Adam Plutko is a guy that you’ve probably not heard much of before. He’s not a top prospect. He doesn’t throw 98 mph. He wasn’t even in Double-A to start the 2015 season. After having a breakout season though, he’s going to be a name you’ll soon be familiar with.
Plutko was drafted by the Indians in the eleventh round of the 2013 draft. He initially was drafted by the Houston Astros in 2010, but opted to pitch for UCLA for a couple of years instead. Even though he was drafted a couple rounds later in 2013, he did choose to continue on in his baseball career with the Indians.
In his first season in the organization, Plutko split time between both A ball clubs in Lake County and Carolina. Between his two stints, he put up some alright numbers. He had an ERA of 4.03, a BB/9 of 1.8, K/9 of 8.7, and threw 149 2/3 innings. They were not the most impressive of numbers in his first season, but nothing terrible either. Usually, pitchers come out of college a bit more polished than when leaving high school, but Plutko struggled initially out of the gates.
He really started to take off in 2015.
He started the season with the High-A Lynchburg Hillcats where he dominated the league. In eight starts for the Hillcats, he had an ERA of 1.27, a record of 4-2, and a BB/9 of only 0.9, an absurdly low number of walks in that time. He only had a total of five walks during his time at High-A. Plutko thrived in his short stint in Virginia, but he was inevitably promoted to Double-A Akron where his hot season continued.
Unable to slow his roll, Plutko continued his dominance at the Double-A level as well. In 19 starts with the RubberDucks, Plutko posted a record of 9-5 with an ERA of 2.86. While he did walk more than his five batters at High-A, he still kept his BB/9 at a miniscule 1.8 and had a K/9 of 7.0. Plutko may not necessarily be a “strikeout pitcher,” he still has the ability to strike out a decent amount of batters.
While he may not be able to throw a searing fastball, Plutko is a master of his craft. He’s able to locate the ball well and keep control of the batter. Giving up a walk is something that he is not used to doing. His control is impeccable and he’s able to do this while only throwing at about 90-92 mph. This may not translate extremely well in the majors, but it has worked out for pitchers in the past like Bruce Chen or Jeremy Guthrie. His curveball and changeup are to die for, and are his go-to pitches.
When you can’t throw the heat, you have to rely on your offspeed for success. That is something that Plutko does very well.

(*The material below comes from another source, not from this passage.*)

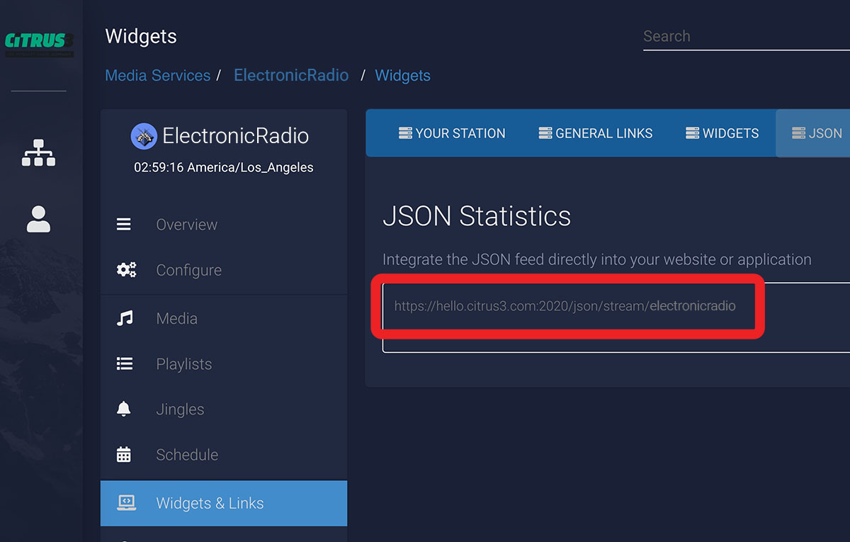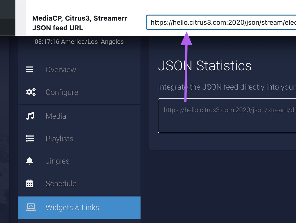 4) Paste the copied link in your radio channel options ( MediaCP, Citrus3, Streamerr JSON feed URL )
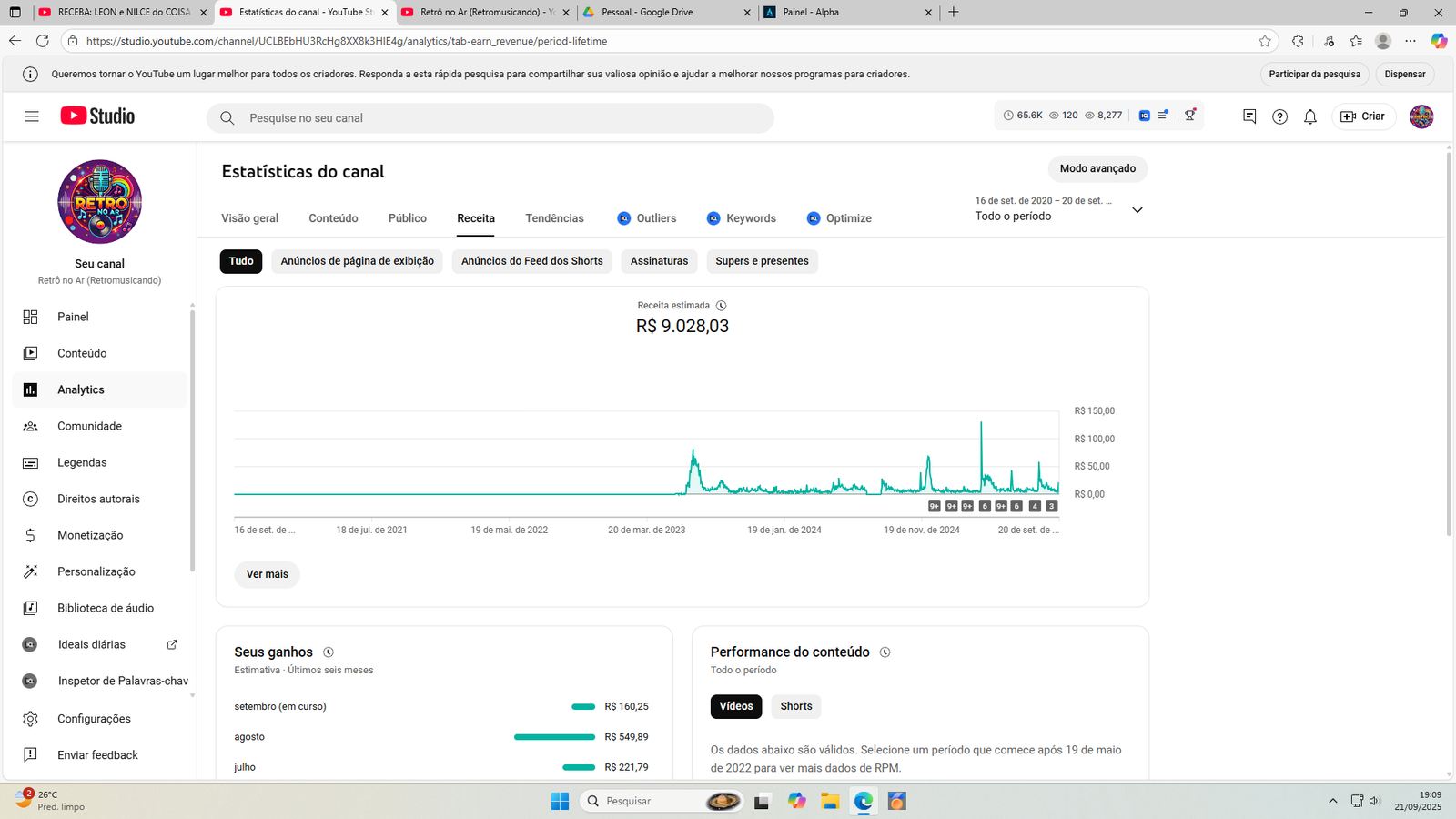 Mais de R$ 9.000 faturados somente com AdSense desde a monetização.

The biggest downside to Plutko though is his tendency to draw a lot of fly balls. In 2015, he had a flyball ratio of 36.1%. Canal Park, the home of the Double-A Akron RubberDucks, tends to play very large. Fly balls seem to always die due to the way the park plays, which helped out Plutko quite a bit, as goes for the Carolina League as well. What is worrisome is how this will translate once he faces MLB caliber players. Even though Plutko has crazy good control, due to his lack of velocity, he does bring some troublesome thoughts of giving up too many extra base hits.
What does work in his favor though is that he kept his line drive rate down to 18.5%. When he does get the ball put in play, it’s usually a ground ball or a flyball. So if he’s put on a team that has incredibly good infield defense, say one manned by phenom defender Francisco Lindor perhaps, then maybe he can fair well in a field like that.
Either way, if Plutko can keep his fly balls to a minimum, he will have great success going forward.
Plutko was far and away the best pitcher in the Indians system in 2015, maybe just a tick below Cody Anderson prior to his promotion. It would be shocking to see anyone but him win the Bob Feller Award for being the best pitcher in the farm system. As a member of the RubberDucks this season, he was able to feed off of the great pitching that encompassed that rotation made up of Michael Clevinger, Ryan Merritt, and Shawn Morimando.
Due to extreme control, Plutko will get the chance to succeed with the Indians. As they have some great depth in the pitching department, this allows Plutko to get all of the seasoning he needs before taking the leap to the big time. He’ll likely start off the 2016 campaign in Double-A, but don’t expect him to stay there long. He’s intelligent, and very good at what he does. He certainly is a name that everyone should be getting to know.